Nigel Stone appreciates the new album from Mik Artistik, Sound…
Despite being hilarious, Mik Artistik’s Ego Trip are not a novelty act. There is definitely humour on the album “Sound”, but it is touched with pathos and poignancy.
Mik’s songs often look at the minutiae of day to day life, whilst examining the bigger picture of what it means to be alive at the same time. These are honest songs, sometimes brutally so, but seldom is the listener not smiling or laughing along with them.
Musically the album is faultless. Bassist Benson J. Walker is an accomplished and seasoned musician with a funk and soul soaked CV. His fluid playing lends the album a bountiful back drop of groove, whilst guitarist Jonny Flockton’s versatile fingers drive the music forward through Country and Western, Americana, rock ‘n’ roll, soul, and anything else a song might require.
There’s even a touch of African melody on the deceptively jolly and overtly political “Hospitent”; a song in which Mik self harms with despair at the state of the world, and ends up in a tent because “the NHS couldn’t pay the rent”.
This is gallows humour with a human touch.
Musically, the slinky “Voodoo” wouldn’t sound out of place on a Tarantino soundtrack. Here Mik laments the fact that your kids are going to hate you, hate your shirts, hate your shoes, hate your musical tastes.
“They don’t like The Doors. They don’t like The Pixies” he declares.
Middle class ethical consumers, Mik’s own mother, they’ve all “got the voodoo”, and at the end of the song, Mik takes his argument to the Pearly Gates, where he has a go at St Peter, and demands “a word with that supreme being”.
This is dark and witty stuff.
It’s been a great year for the band. Their reputation as a “must see” live act is growing, thanks in some part to the fact that the first two singles from the album were championed by Gideon Coe and received considerable airplay on Radio 6Music. The annoyingly catchy but beautifully human “Plastic Fox” chugs along frantically and will be with you for days. “David Bowie Was A Funny Man” is a light hearted tribute to the slight connection between Bowie and the North of England. Bowie references litter the song like punchlines.

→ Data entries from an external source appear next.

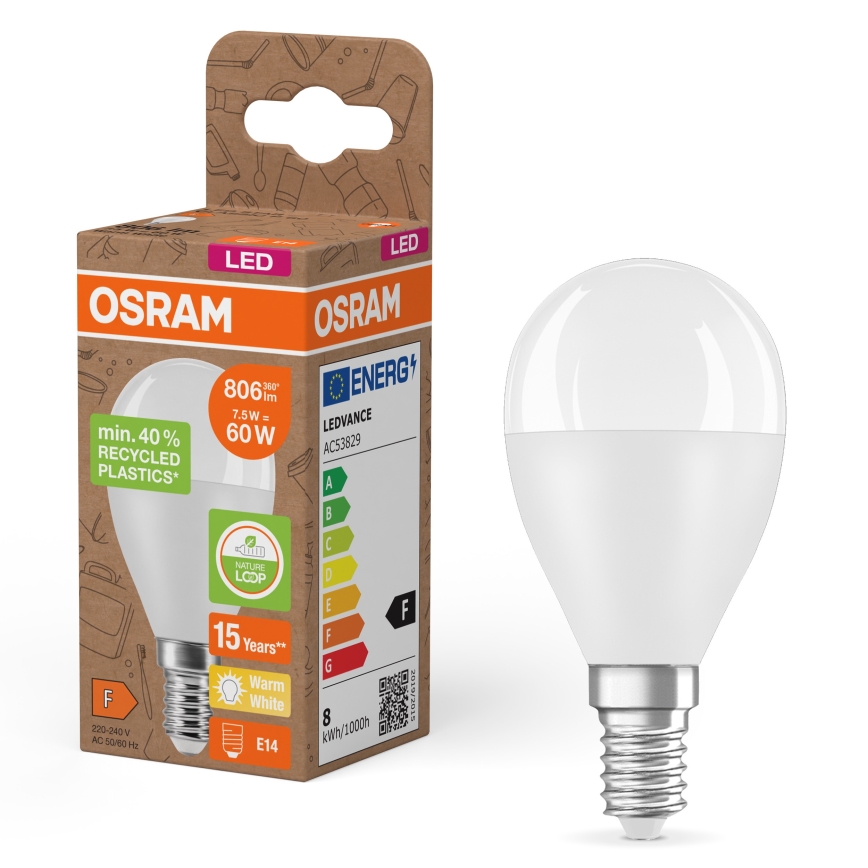 Bec LED P45 din plastic reciclat, soclu E14, 7,5 W, 230 V, 2700 K - Osram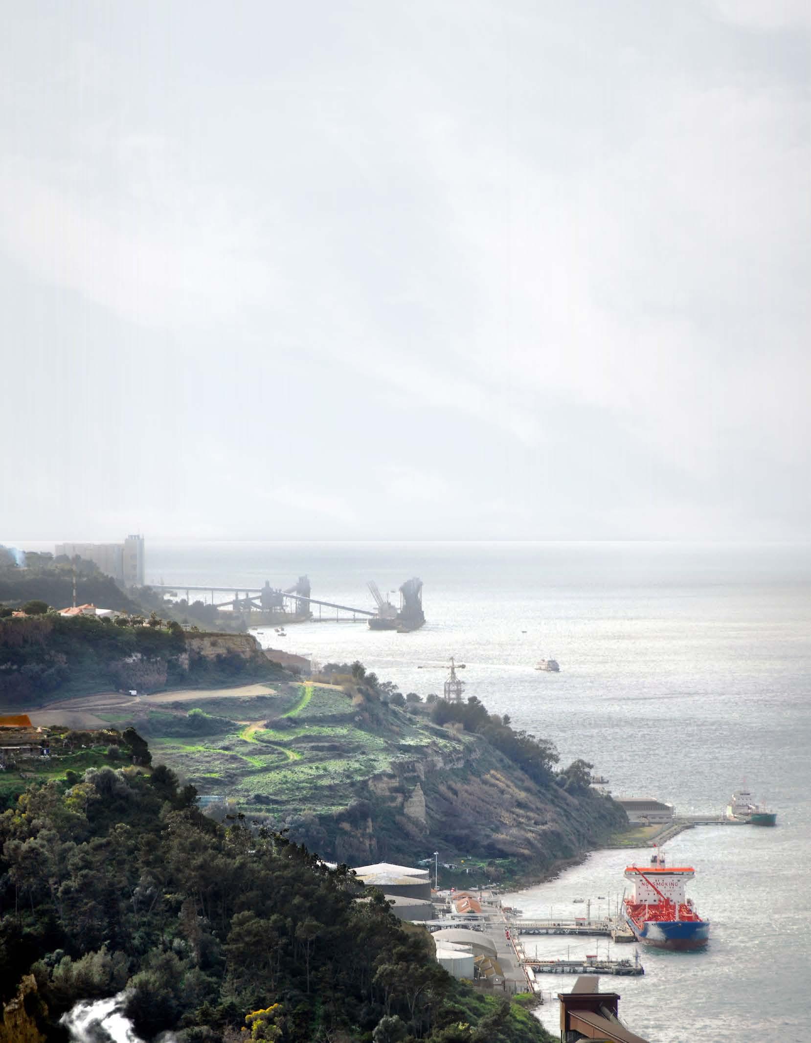 Impianti per lo stoccaggio di gas liquido e cereali lungo il Margem Sul, Almada, Portogallo.
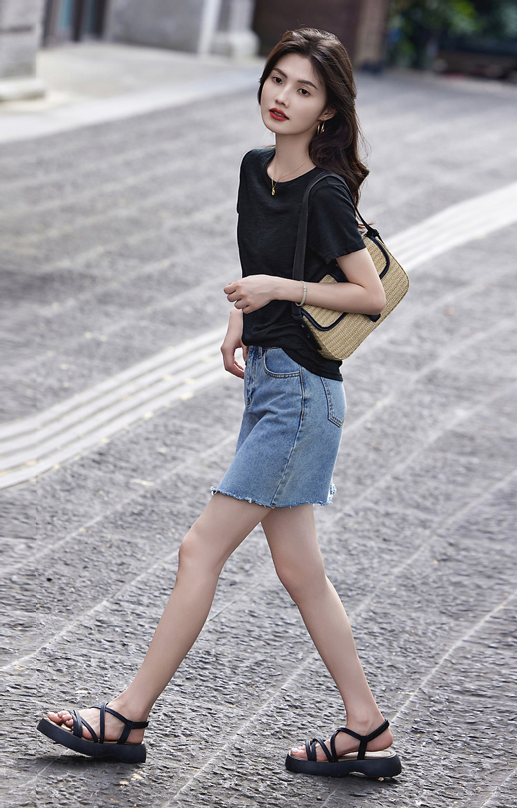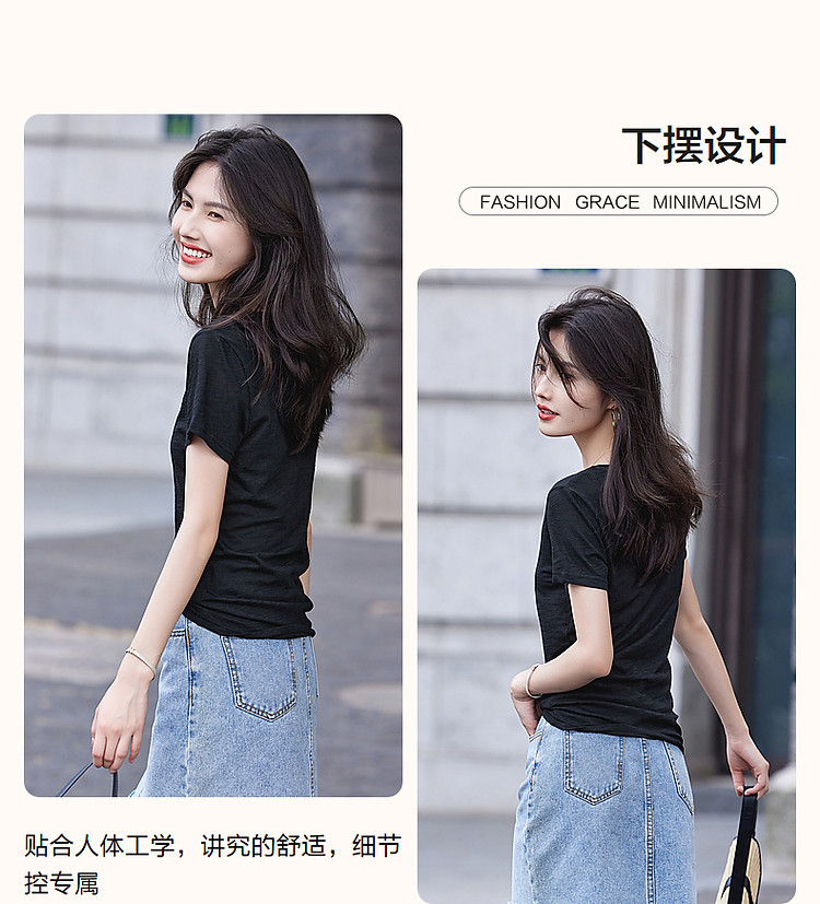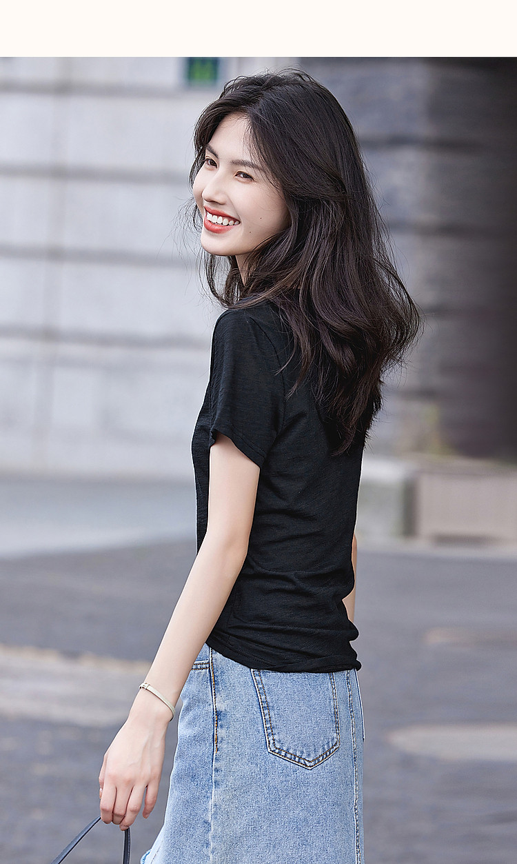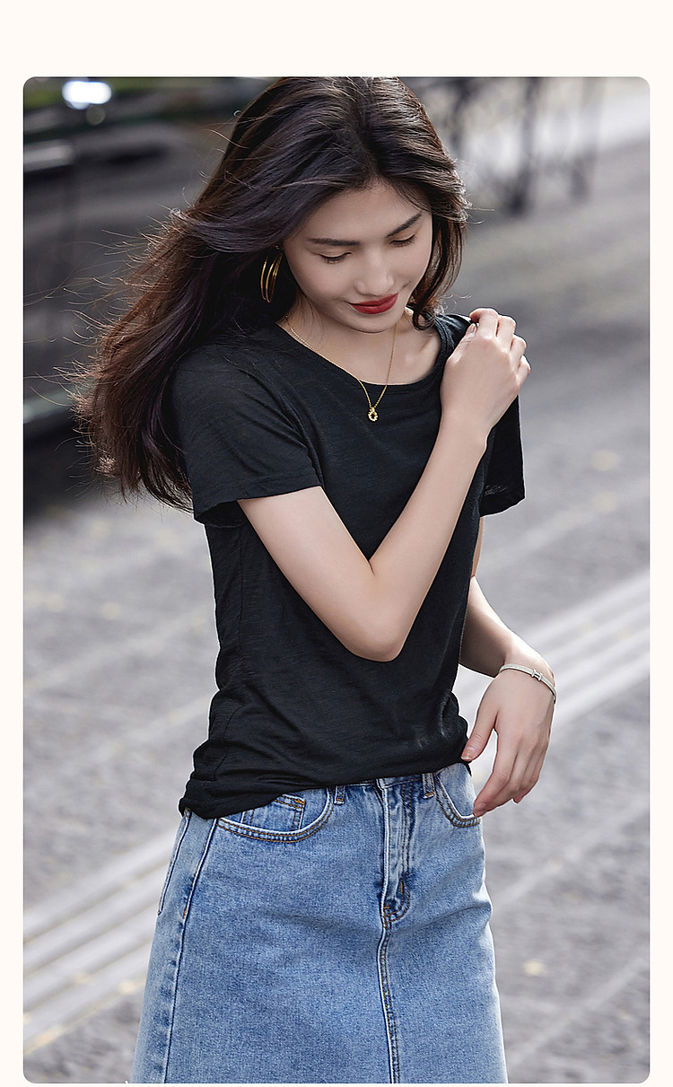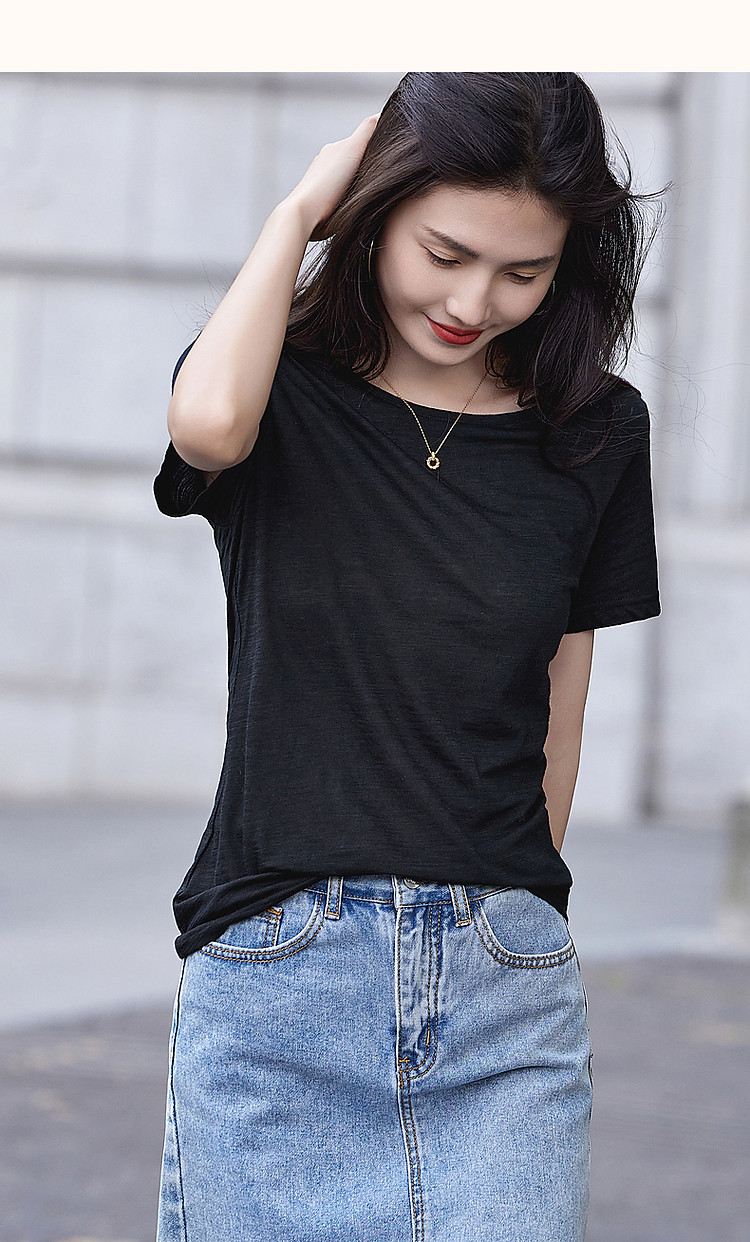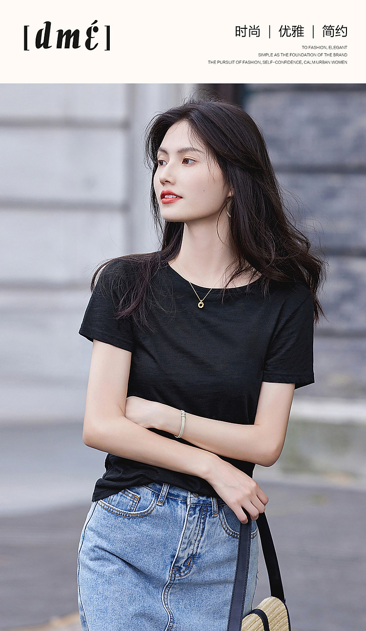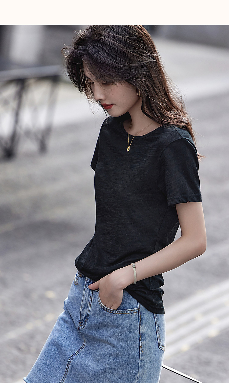 商品名称:【简而不凡】轻薄款夏圆领修身短袖弹力清凉休闲女式t恤 666433

The new single, “Stars” is on here too. “Stars” is a Christmas song in the same way “Fairytale of New York” is a festive ditty. “I look down at the oily little puddle, and I see a rainbow” is a telling line. Mik is able to see the beauty and humour in the dark places, and expresses it in a comedic and “artistik” manner.
Mik’s delivery is sometimes conversational, occasionally rambling, and this reflects the inclusive, immersive, and improvised nature of the band’s live performances.
The simple, subtle, and stark “Odd Jobs” is a moment of quiet contemplation from a once successful man, who now gets by as a handyman to pay the bills, and whose wife gives him cash when the work doesn’t come in, and the last track on the album, “Sweet Leaf Of The North” recounts the time the band went down to play a gig in London. The titular leaf gets itself caught on the windscreen of the vehicle they’re driving and hangs on all the way to the gig and back home again, “a symbol of hope, in a world that’s cold and grey”.
Yes, Mik Artistik’s Ego Trip are funny, but the band is no joke. Bin bags replace tumbleweed on “The Zumba Sign’s Come Down”, a solemn cry for dying High Streets, while Mik gets fooled yet again by traffic on the rocking “Car That Makes A Bus Sound”. Whether he’s bracing himself to “face the music” for being late home shopping on “Six Missed Calls”, or climbing back under the quilt, to hide from the nightmare world outside on “Back To Bed”, the album “Sound” is all killer, no filler, so miss it at your peril.